Results 1 to 16 of 16

Thread: Using paq8 to measure image similarity

  1. #1
    Administrator Shelwien's Avatar
    Join Date
    May 2008
    Location
    Kharkov, Ukraine
    Posts
    3,348
    Thanks
    212
    Thanked 1,012 Times in 537 Posts

    Using paq8 to measure image similarity

    I tried using paq8's RGB image model to measure symbol similarity:
    http://nishi.dreamhosters.com/u/ocr_test_1.zip

    The script:
    Code:
    rem removing bmp headers
    cutbmp 00000009.bmp 1
    cutbmp 0000017C.bmp 2
    cutbmp 000001A2.bmp 3
    
    rem concatenating images
    copy /b 1+2 12
    copy /b 1+3 13
    copy /b 2+1 21
    copy /b 2+3 23
    copy /b 3+1 31
    copy /b 3+2 32
    
    for %%f in (12,13,21,23,31,32) do (
      bin2bmp24r.exe 28 %%f %%f.bmp
      paq8px_v69.exe -6 %%f
      paq8px_v69.exe -6 %%f.bmp
    )
    The results:
    Code:
    // paq8px_v69
    502 12.bmp.paq8px  562 12.paq8px  498 21.bmp.paq8px  560 21.paq8px
    521 13.bmp.paq8px  586 13.paq8px  518 31.bmp.paq8px  590 31.paq8px
    494 23.bmp.paq8px  552 23.paq8px  496 32.bmp.paq8px  559 32.paq8px
    
    // BMF 2.01
    528 12.bmf  524 21.bmf
    544 13.bmf  548 31.bmf
    524 23.bmf  524 32.bmf
    
    // gralic 1.8 demo
    644 12.gra  643 21.gra
    648 13.gra  649 31.gra
    637 23.gra  639 32.gra
    
    // png+pngout+deflopt
    669 12.png  670 21.png
    678 13.png  676 31.png
    657 23.png  661 32.png
    0000017C.bmp and 000001A2.bmp contain different scans
    of the same symbol, and 00000009.bmp is a different symbol.

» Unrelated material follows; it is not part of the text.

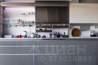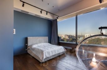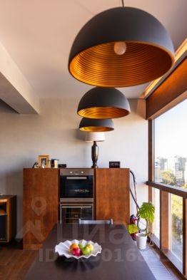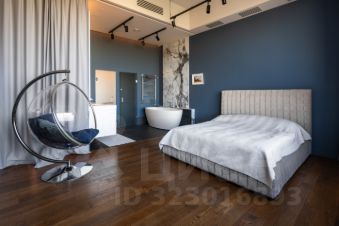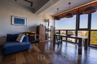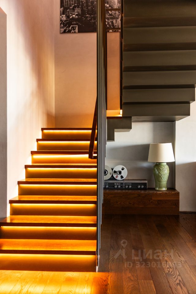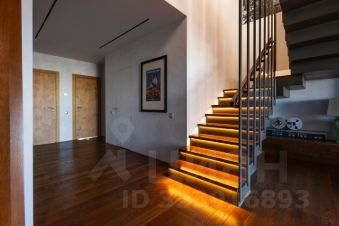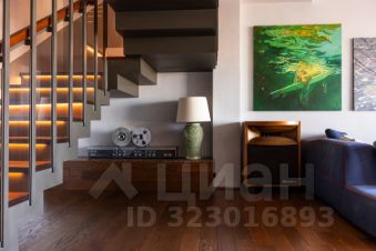 Функциональная планировка включает кухню-столовую, детскую, кабинет, гардеробную и санузел. Высота потолков на первом уровне — 3,2 метра. Установлена кухня Valcucine , бытовая техника Miele. На втором уровне, с потолками 4 метра, расположена мастер-спальня с отдельным санузлом и выходом на крышу. В квартире установлены системы канального кондиционирования и приточно-вытяжной вентиляции. Пространство наполнено естественным светом благодаря окнам по обеим сторонам квартиры. Есть подземный паркинг.

    In theory, compressing an image in context of another image is
    the best way to measure image similarity.

    But apparently we don't really have a model good enough for that
    (1-494/502)*100 = 1.59% smaller description size doesn't seem
    convincing enough to declare that symbols are similar based only
    on that.
    Attached Images Attached Images    

  2. #2
    Expert
    Matt Mahoney's Avatar
    Join Date
    May 2008
    Location
    Melbourne, Florida, USA
    Posts
    3,255
    Thanks
    306
    Thanked 779 Times in 486 Posts
    Yeah, that's a problem because most of the information content in images is low level noise that you can't compress and can't see. If we knew how to keep just the meaningful information in images, video, and audio, you could compress any of them to just a few bits per second.

  3. #3
    Administrator Shelwien's Avatar
    Join Date
    May 2008
    Location
    Kharkov, Ukraine
    Posts
    3,348
    Thanks
    212
    Thanked 1,012 Times in 537 Posts
    I actually mean that (unfortunately) there're no models that can detect
    and use such dependencies.

    For example, these are contexts in RGB model of paq8px69 (which is noticeably better than paq8p)
    Code:
    buf(1) buf(2) buf(3) buf(4) buf(6)
    buf(w-2) buf(w-3) buf(w) buf(w+1) buf(w+3)
    buf(w*2-6) buf(w*2-3) buf(w*2) buf(w*2+6)
    
    *** *
     ***
    **X
    With only that its hardly possible to find a matching fragment in the
    already processed part of the picture, it can be compared to order2 CM on text.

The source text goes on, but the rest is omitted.